» **Task directions**: Select and copy out every line in the records containing "composition".

=======

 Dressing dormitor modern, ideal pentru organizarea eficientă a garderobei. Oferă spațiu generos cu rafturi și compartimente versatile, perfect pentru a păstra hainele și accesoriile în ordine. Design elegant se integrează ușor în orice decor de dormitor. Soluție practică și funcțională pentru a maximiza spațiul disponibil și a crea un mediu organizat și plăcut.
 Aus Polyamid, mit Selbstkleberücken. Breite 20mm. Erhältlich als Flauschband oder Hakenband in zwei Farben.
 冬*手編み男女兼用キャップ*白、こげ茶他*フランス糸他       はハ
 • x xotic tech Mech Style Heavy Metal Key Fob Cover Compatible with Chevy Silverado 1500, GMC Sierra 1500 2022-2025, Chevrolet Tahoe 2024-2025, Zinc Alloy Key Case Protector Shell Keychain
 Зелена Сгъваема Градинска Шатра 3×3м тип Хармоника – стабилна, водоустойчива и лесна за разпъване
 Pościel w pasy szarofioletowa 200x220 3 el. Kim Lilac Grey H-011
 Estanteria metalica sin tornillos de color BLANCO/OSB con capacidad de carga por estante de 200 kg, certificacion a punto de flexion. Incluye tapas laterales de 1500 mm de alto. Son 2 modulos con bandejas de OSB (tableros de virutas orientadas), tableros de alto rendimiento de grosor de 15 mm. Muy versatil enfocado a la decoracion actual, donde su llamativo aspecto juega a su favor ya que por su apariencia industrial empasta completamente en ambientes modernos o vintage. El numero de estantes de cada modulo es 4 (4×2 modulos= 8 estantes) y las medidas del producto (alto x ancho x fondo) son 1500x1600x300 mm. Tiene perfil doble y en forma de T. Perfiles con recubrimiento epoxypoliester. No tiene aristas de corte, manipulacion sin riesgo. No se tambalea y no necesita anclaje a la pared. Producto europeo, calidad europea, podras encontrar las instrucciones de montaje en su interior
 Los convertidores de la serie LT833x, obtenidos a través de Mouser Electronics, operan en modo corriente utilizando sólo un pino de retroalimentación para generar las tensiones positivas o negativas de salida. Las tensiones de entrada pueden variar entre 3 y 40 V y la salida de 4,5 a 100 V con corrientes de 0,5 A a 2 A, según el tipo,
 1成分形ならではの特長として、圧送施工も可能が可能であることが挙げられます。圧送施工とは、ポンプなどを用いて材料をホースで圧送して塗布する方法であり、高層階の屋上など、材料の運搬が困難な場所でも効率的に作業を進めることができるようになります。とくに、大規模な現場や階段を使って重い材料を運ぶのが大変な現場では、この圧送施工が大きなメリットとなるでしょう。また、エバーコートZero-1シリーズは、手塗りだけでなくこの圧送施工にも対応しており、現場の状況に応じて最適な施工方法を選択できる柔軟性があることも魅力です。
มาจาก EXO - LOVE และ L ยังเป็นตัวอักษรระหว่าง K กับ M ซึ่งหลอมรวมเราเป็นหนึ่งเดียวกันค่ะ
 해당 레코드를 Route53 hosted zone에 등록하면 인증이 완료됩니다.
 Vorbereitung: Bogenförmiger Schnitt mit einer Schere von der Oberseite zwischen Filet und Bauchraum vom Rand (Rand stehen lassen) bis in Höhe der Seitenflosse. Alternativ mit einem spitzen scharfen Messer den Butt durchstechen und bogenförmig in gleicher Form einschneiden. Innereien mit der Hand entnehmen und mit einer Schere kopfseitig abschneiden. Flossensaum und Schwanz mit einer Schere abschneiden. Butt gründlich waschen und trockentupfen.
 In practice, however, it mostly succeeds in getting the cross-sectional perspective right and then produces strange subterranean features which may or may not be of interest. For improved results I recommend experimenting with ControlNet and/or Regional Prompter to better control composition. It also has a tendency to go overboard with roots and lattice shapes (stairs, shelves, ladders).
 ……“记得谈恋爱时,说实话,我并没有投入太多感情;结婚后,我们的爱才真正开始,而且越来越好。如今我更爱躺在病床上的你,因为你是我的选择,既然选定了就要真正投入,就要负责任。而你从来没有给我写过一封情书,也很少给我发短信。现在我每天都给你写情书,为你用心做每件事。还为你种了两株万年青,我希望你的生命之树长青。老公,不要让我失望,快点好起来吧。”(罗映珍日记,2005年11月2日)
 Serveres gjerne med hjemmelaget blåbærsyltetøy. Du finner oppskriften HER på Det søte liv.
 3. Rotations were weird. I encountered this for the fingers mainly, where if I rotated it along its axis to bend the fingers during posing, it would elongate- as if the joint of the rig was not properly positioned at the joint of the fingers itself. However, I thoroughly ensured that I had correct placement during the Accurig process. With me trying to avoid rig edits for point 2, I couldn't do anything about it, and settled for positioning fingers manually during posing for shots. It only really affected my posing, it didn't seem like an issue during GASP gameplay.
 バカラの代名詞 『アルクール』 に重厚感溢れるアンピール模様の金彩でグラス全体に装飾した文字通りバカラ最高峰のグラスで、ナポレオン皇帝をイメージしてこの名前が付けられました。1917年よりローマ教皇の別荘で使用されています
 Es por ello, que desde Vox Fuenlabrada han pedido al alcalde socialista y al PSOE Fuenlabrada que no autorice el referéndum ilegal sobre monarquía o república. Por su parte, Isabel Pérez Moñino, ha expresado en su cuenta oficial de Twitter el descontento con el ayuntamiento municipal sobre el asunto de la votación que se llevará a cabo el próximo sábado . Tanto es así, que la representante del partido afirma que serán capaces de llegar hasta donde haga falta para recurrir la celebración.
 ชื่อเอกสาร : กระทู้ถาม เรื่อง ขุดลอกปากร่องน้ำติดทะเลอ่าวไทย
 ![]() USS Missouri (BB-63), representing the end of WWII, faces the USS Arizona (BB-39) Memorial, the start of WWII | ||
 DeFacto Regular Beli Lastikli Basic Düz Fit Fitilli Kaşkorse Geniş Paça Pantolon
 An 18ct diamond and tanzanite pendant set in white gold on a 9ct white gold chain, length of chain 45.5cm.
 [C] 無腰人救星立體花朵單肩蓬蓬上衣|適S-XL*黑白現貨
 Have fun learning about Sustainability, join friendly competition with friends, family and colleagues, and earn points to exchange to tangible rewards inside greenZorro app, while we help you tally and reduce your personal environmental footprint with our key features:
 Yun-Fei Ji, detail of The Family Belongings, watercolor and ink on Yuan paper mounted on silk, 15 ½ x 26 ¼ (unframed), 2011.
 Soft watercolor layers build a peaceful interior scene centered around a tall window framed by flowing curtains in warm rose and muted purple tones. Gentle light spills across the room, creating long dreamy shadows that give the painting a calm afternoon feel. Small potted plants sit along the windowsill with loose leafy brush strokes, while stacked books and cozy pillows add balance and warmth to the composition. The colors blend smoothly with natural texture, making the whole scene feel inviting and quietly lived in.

=======

» **Written solution**:
 In practice, however, it mostly succeeds in getting the cross-sectional perspective right and then produces strange subterranean features which may or may not be of interest. For improved results I recommend experimenting with ControlNet and/or Regional Prompter to better control composition. It also has a tendency to go overboard with roots and lattice shapes (stairs, shelves, ladders).
 Soft watercolor layers build a peaceful interior scene centered around a tall window framed by flowing curtains in warm rose and muted purple tones. Gentle light spills across the room, creating long dreamy shadows that give the painting a calm afternoon feel. Small potted plants sit along the windowsill with loose leafy brush strokes, while stacked books and cozy pillows add balance and warmth to the composition. The colors blend smoothly with natural texture, making the whole scene feel inviting and quietly lived in.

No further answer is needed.